To explain this a little more, you need to know that both supercomputers and AI supercomputers make calculations using what is known as floating-point arithmetic — a mathematical shorthand that’s extremely useful for making calculations using very large and very small numbers (the “floating point” in question is the decimal point, which “floats” between significant figures). The degree of accuracy deployed in floating-point calculations can be adjusted based on different formats, and the speed of most supercomputers is calculated using what are known as 64-bit floating-point operations per second, or FLOPs. However, because AI calculations require less accuracy, AI supercomputers are often measured in 32-bit or even 16-bit FLOPs. That’s why comparing the two types of systems is not necessarily apples to apples, though this caveat doesn’t diminish the incredible power and capacity of AI supercomputers.

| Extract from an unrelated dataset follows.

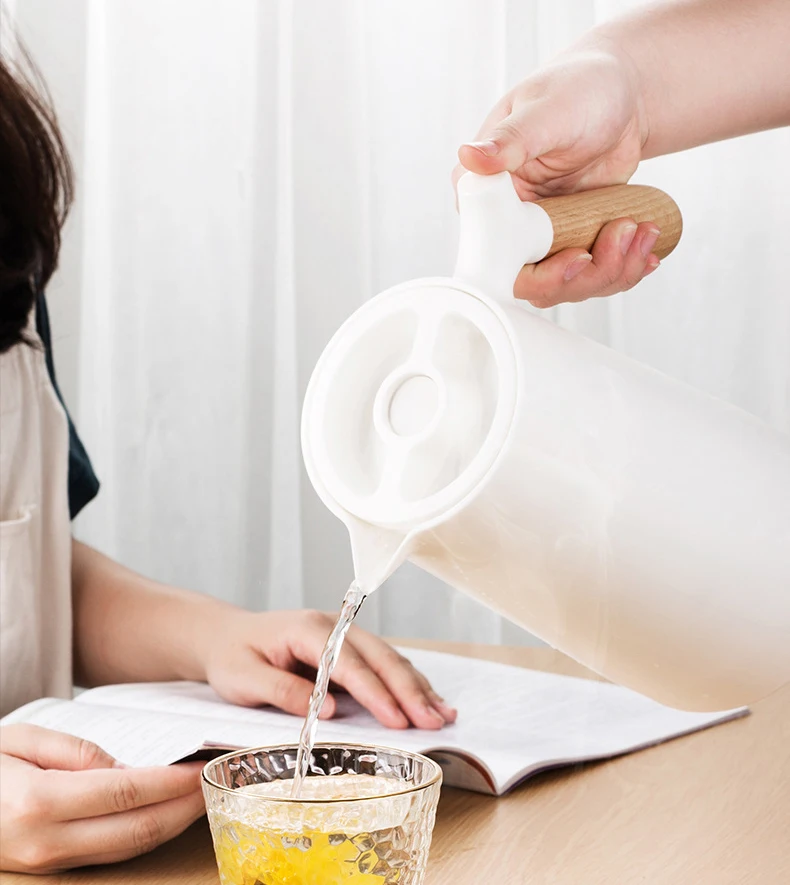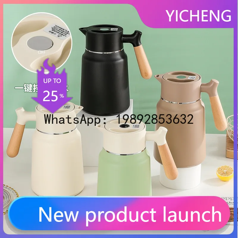 Bouilloire à vide en acier inoxydable avec poignée en bois PYJ, thermos domestique

Sorensen offers one extra word of caution, too. As is often the case with the “speeds and feeds” approach to assessing hardware, vaunted top speeds are not always representative. “HPC vendors typically quote performance numbers that indicate the absolute fastest their machine can run. We call that the theoretical peak performance,” says Sorensen. “However, the real measure of a good system design is one that can run fast on the jobs they are designed to do. Indeed, it is not uncommon for some HPCs to achieve less than 25 percent of their so-called peak performance when running real-world applications.”

In other words: the true utility of supercomputers is to be found in the work they do, not their theoretical peak performance. For Meta, that work means building moderation systems at a time when trust in the company is at an all-time low and means creating a new computing platform — whether based on augmented reality glasses or the metaverse — that it can dominate in the face of rivals like Google, Microsoft, and Apple. An AI supercomputer offers the company raw power, but Meta still needs to find the winning strategy on its own.